Ополоумевший Пашка грохнулся задом в пол, с ним рядом стукнулась на колени бабка, прижимая его голову к груди и что-то причитая; лесник сдернул с гвоздя пиджак и фуражку и вышел на крыльцо. За ним, тяжело дыша, выбежал и растрепанный Егор, молча посмотрел, как отец выводит коня из-под навеса, проверяет подпругу.
– Прости, батя, не со зла ведь, так, недоумок, – сказал он, избегая смотреть на Захара, и леснику стало жалко его. – Слышишь, батя…

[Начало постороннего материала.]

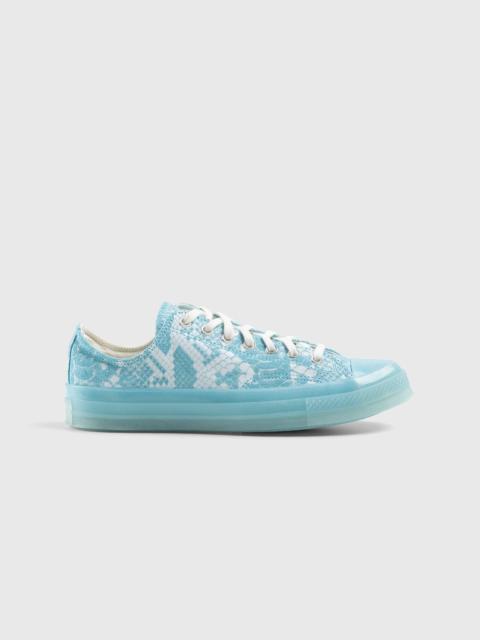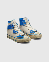 Inspired by the old, Ader Error’s new collaboration on the Chuck 70 Hi showcases a distinctive layered technique, ultimately celebrating the look of aged, well-worn sneakers. The shoe’s suede upper draws inspiration from the iconic aesthetic of old Chucks, with imperfect details such as detachable overlays and a burnished, distressed effect on the foxing incorporated to capture the spirit of vintage kicks. This distorted yet forward-looking take on the classic Converse silhouette adheres to Ader Error’s design ethos of “the new is not new,” as the brand continually looks to the past to design what’s next. Size & Fit This style runs a half size large. Product Details Suede upper. Floating, removable canvas overlays. Torn, tattered appearance. Blue pinstripes. Burnished, distressed effect at the foxing. Suede tongue. OrthoLite cushioning for all-day comfort. Vulcanized rubber sole. Rubber foxing. Rubber toe cap. Graphic prints and embroidered detail. Suede Ader Error ankle patch. Custom license plate, sockliner, lace clip, and graphic outsole.
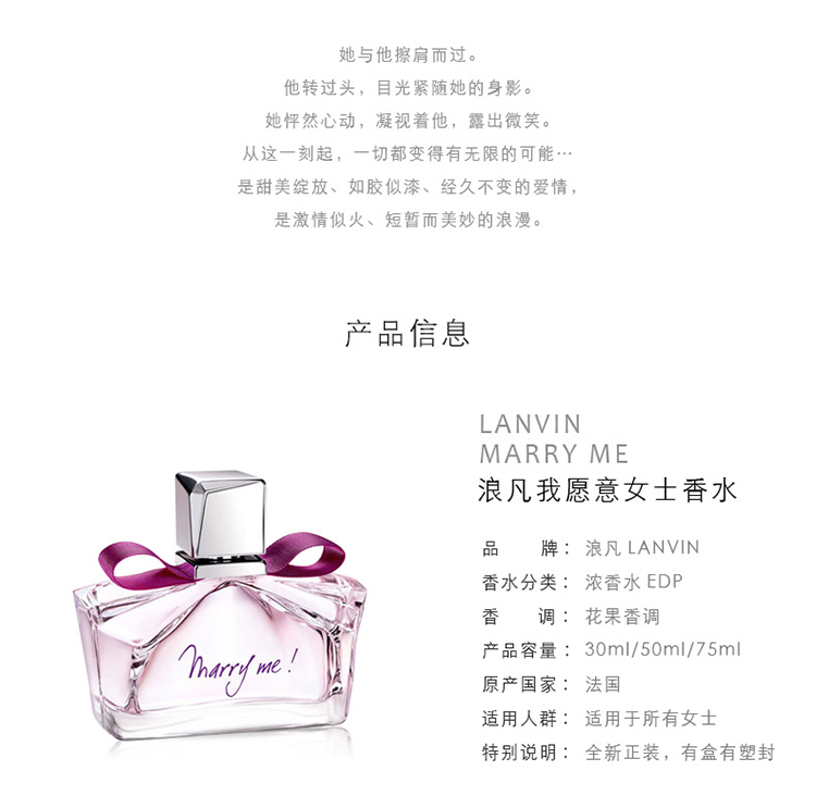 【官方正品】LANVIN/浪凡我愿意女士浓香水 30ml/50ml/75ml
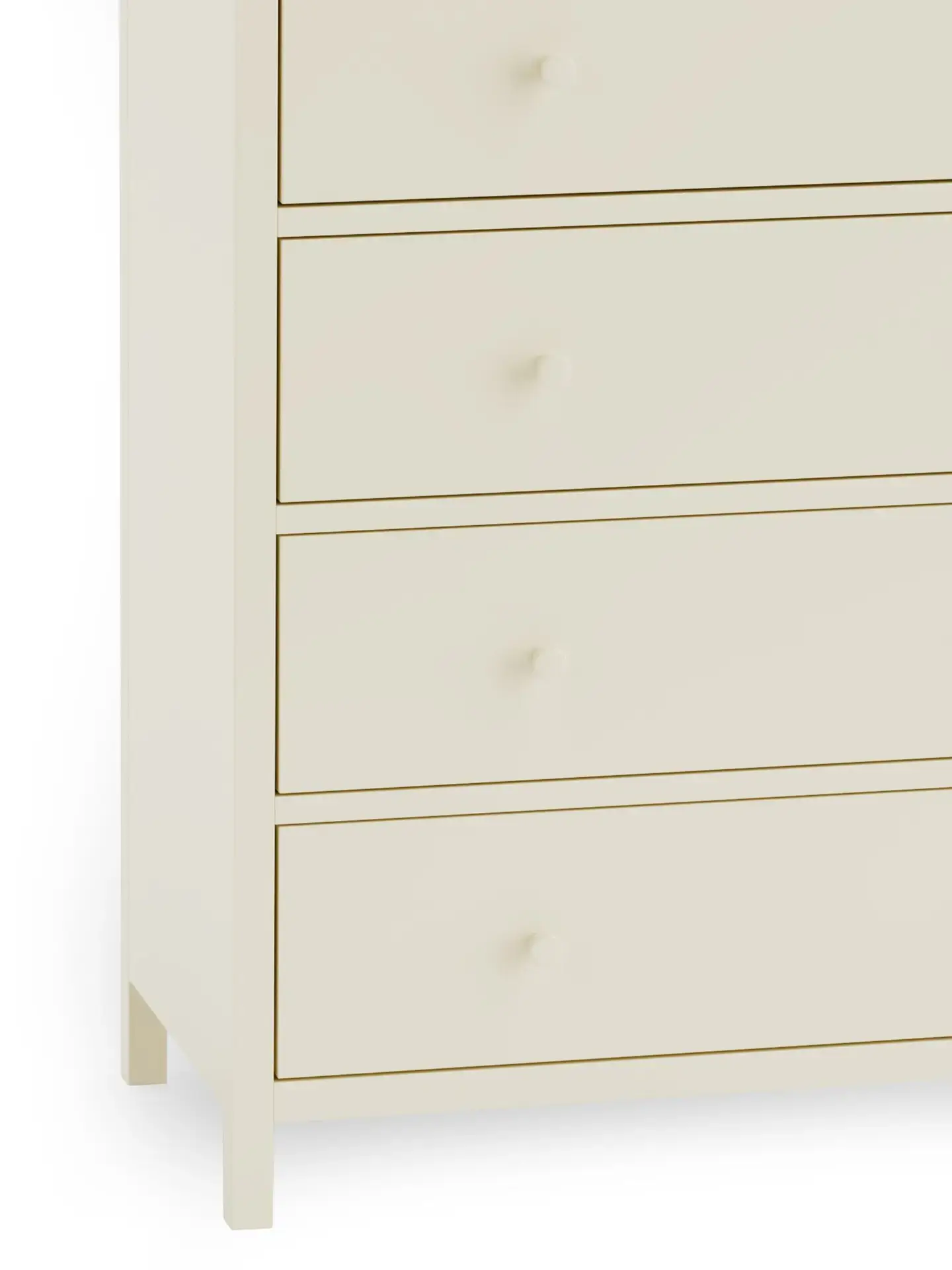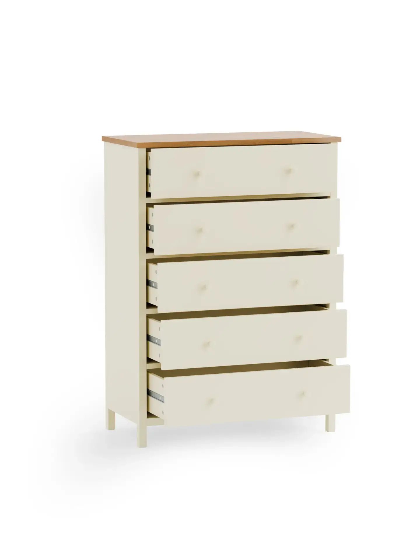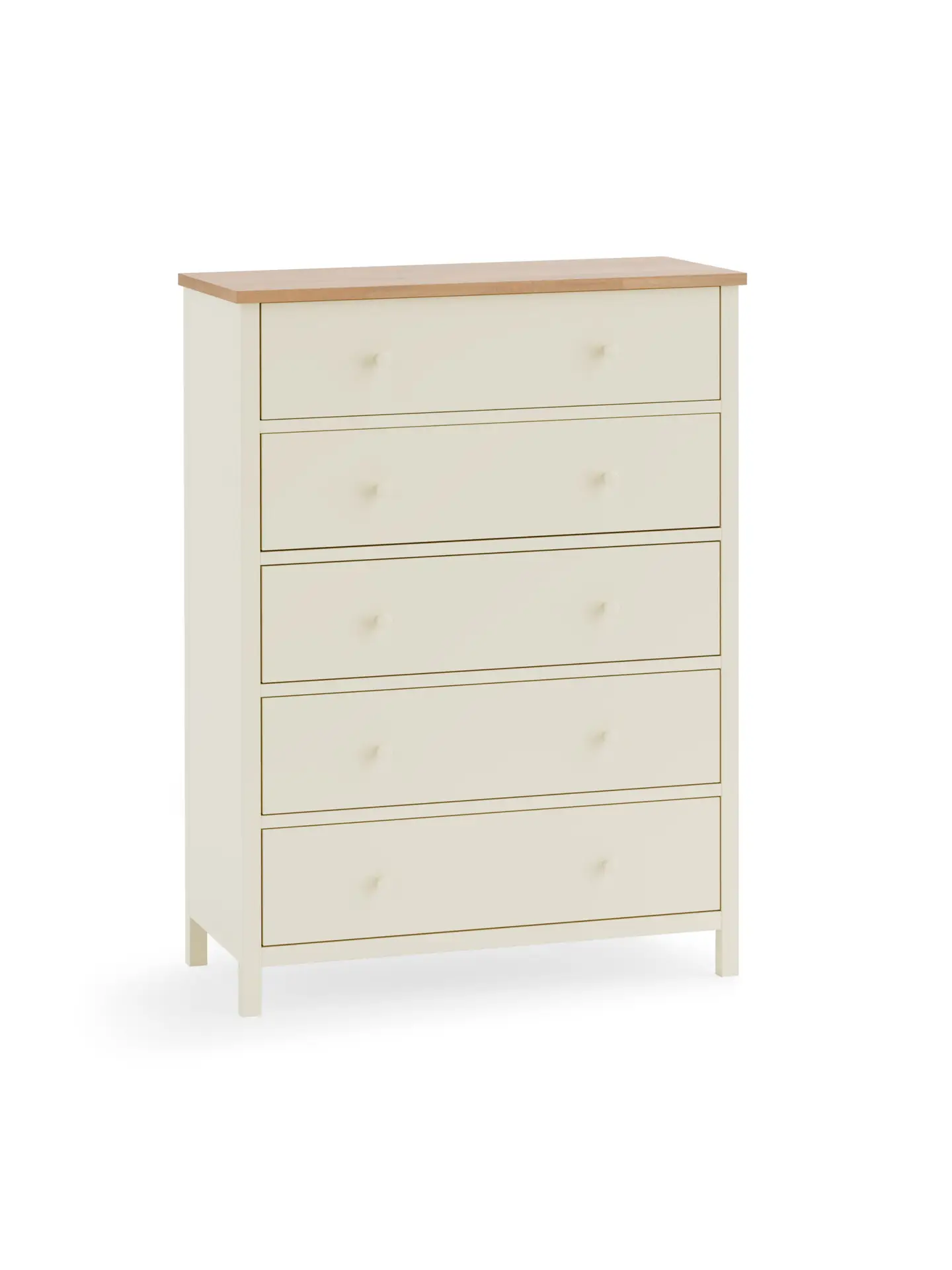 Upgrade your bedroom storage with the Coxmoor 5-Drawer Wide Chest in an elegant Ivory and Oak finish. Designed with five generously sized drawers, each equipped with sleek knob handles, this chest offers ample space for clothes, bedding, and other essentials. Its horizontal layout maximizes storage while creating a stylish focal point in your room. The blend of Ivory and Oak finish brings a sophisticated touch to your space, effortlessly complementing a variety of décor styles. Built for durability, this chest is a timeless addition to any home, combining both practical storage and elegant design. Requires minimal assembly.
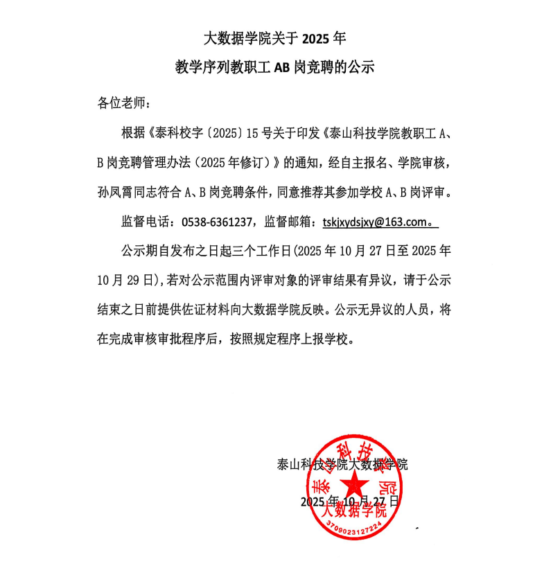 大数据学院关于2025年教学序列教职工AB岗竞聘的公示
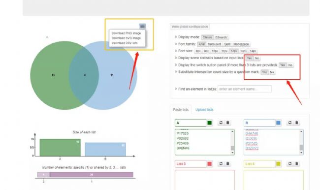 第三步:(釋義與數(shù)據(jù)導(dǎo)出)在上圖紅框中輸入數(shù)據(jù),即可得到兩個數(shù)據(jù)集的交集基因,如不需要柱狀圖,可通過將下圖紅框中設(shè)置為"NO",同時通過點擊黃框中的英文即可得到圖像及相應(yīng)的文件。
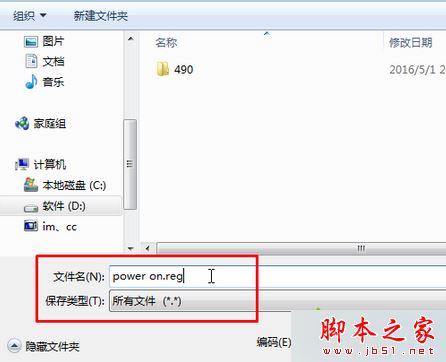 3、在“新建文本文档”左上角依次点击“文件”—“另存为”,在保存界面首先将“保存类型”下拉菜单中选择“所有文件”,然后将文件名修改为“power on.reg”点击保存;
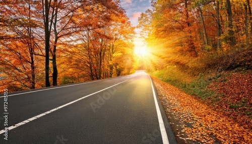 © Tilak, Fototapeta premium Fall background, Autumn Road to Serenity: Golden Sunlight and Fall Foliage
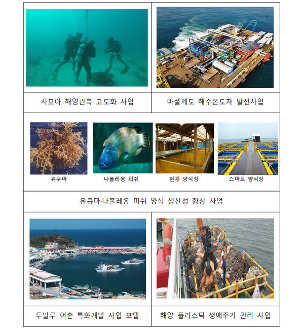 대상국가는 7개 국가로 85억 원 규모의 7개 사업으로 진행된다. 산호초 생태계 보호를 위한 사모아 해양산성화 관측 고도화사업(6억 원), 군소도서국 맞춤형 재생에너지 개발을 위한 마셜제도 해수온도차 발전사업(8억 원) 등이 대표적이다.
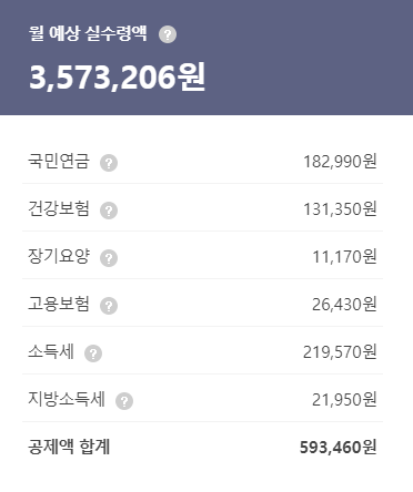 월급에서 국민연금, 건강보험, 장기요양, 고용보험, 소득세, 지방소득세 등 공제금액을 빼고 실제 통장으로 들어오는 돈인것이죠. 부양가족이나 기타등등 개인마다 조건이 상이하기 때문에 어느정도 위의 실수령액과 차이는 발생할수 있습니다. 참고만 하시면 되겠지요
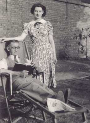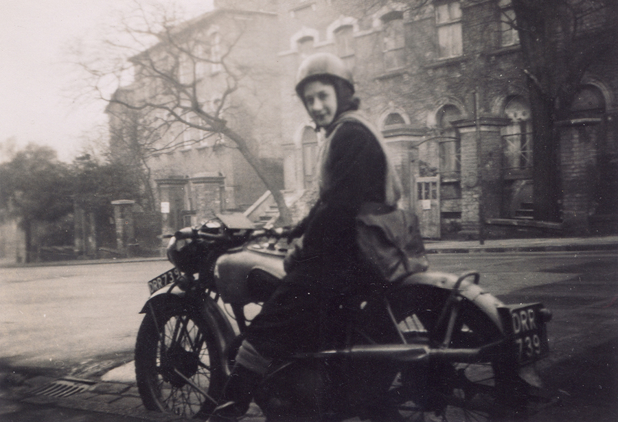 Musgrove as a State Registered Nurse The above photos date between 1947 and 1949. Click on the above pictures for larger images. Peggy is shown below from around this time with her father in the garden of 28 Highbury Hill. The photo below shows Peggy towards the end of WW2 when she worked as a dispatch rider for the Auxiliary Fire Service. Home | George's Story 3 |
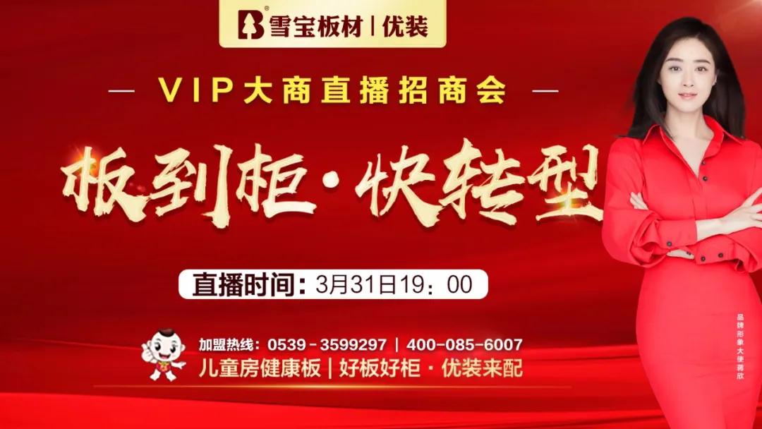 2020年3月31日晚7點讓我們相約雪寶板材丨優(yōu)裝【華北站】VIP大商直播招商會共同開啟主題為“板到柜·快轉(zhuǎn)型”的建材行業(yè)轉(zhuǎn)型升級財富峰會。
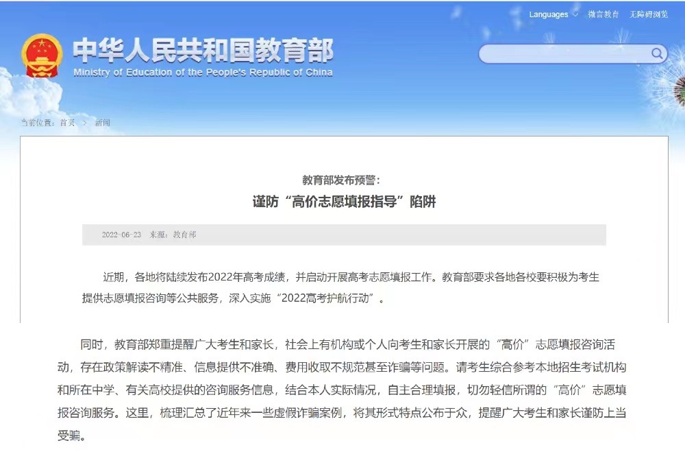 近日,教育部发布预警,提醒考生谨防“高价志愿填报指导”陷阱。有网站虚假宣传拥有所谓“内部信息”,自称掌握内部大数据,能够“精准定位院校”等等。事实上,每年高考填报志愿前,各省级招生考试机构都会发布当年高考成绩统计情况和近年来各高校录取分数情况,并不存在市面上的咨询机构或个人声称的“内部信息”。还有一些咨询机构假冒所谓志愿填报专家身份。该咨询机构打出广告,称团队的专家“获得高考志愿规划师认证”“来自著名高校”等。事实上,有关部门从未发放过“高考志愿规划师”这类职业资格证书。该机构一些所谓“志愿规划师”都是临时招募的社会人员,按照总部提供的“台词”给考生和家长辅导。家长购买这些机构的服务不仅花了冤枉钱,而且可能报错志愿。
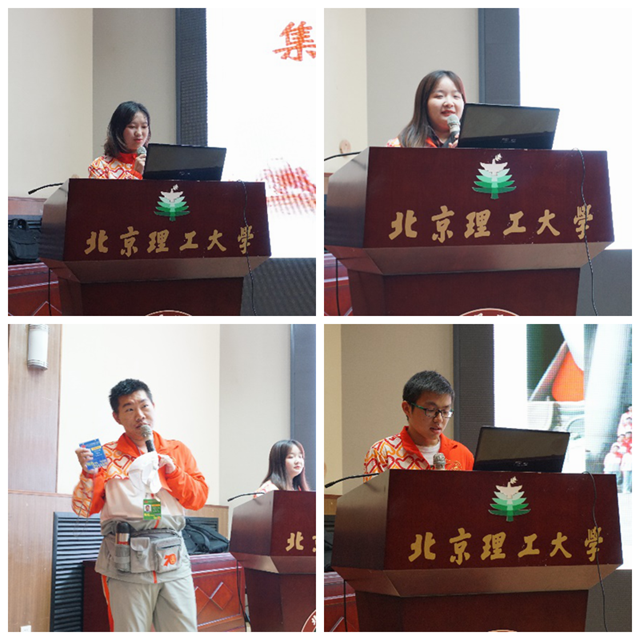 安检志愿者代表张宇清、袁晶晶、刘人天、刘涵霄为现场同学带来了他们如何对群众游行方阵安检、引路、服务保障的故事。张宇清说,他们作为集散安检服务的工作人员,工作场地无限接近天安门核心区域,但是却一次没有经过天安门,但是大家坚守自己岗位、严格遵守纪律,在国庆当天凭着仅有的手机大家一起看现场直播。袁晶晶说,尽管在一开始她的心情有些低落,但是随着志愿活动的进行,她开始热爱并且投入到这份事业中,她对自己能参加这次重大活动感到十分自豪和感动。刘人天为大家生动介绍了志愿者的服装和装备。刘涵霄则分享了在工作期间同学为他举办生日的美好故事。
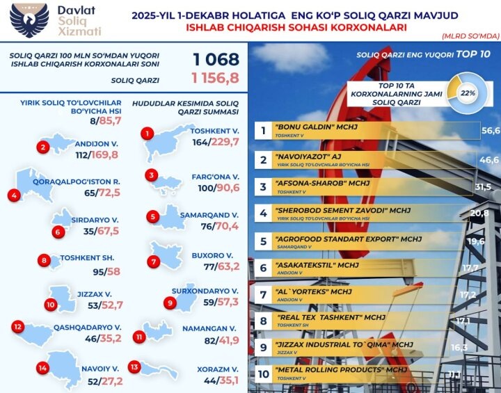 В Налоговом комитете уточнили, что значительная часть долга сосредоточена у ограниченного числа крупнейших должников. Из общей суммы 254,5 млрд сумов, или 22%, приходится на 10 организаций. Такая структура задолженности, когда существенная доля формируется за счёт небольшого круга предприятий, влияет на общую динамику поступлений и определяет необходимость адресной работы по наиболее крупным суммам. В подобных случаях результаты урегулирования задолженности у отдельных организаций способны заметно отражаться на сводных показателях по отрасли.

– Дожились! – бросил лесник в сердцах. – Их бы кониной дохлой покормить, драниками из крапивы… Озверели! Вон куда метнул! Попал бы сам в ту растудырицу… Праведник, мать его перетак, на всем готовом! – тут лесник неожиданно притих, глаза его успокоились, затаились, он глядел на Егора, а видел прибитые осенним дождем к раскисшей земле почерневшие низкие избы под соломенными крышами, вереницы шатающихся в сумерках теней, бредущих день и ночь с Украины, робко заворачивающих к каждому светящемуся окну, к каждой двери – авось подадут. Внезапно встало перед глазами и лицо умершей в соломе роженицы с полузадушенным ребенком, прижатым к разбухшей, каменной груди, нежданно-негаданно выплыло и многое другое, то, чего вроде бы и не было, то, от чего хотелось бы откреститься и отвернуться. Обоз с раскулаченными, плач баб и детей, связанный Федька Макашин с бешеными глазами, вскоре и своя поездка в Москву на первый съезд колхозников, выходящего в сопровождении других вождей и соратников самого Сталина, и обвальный рев зала…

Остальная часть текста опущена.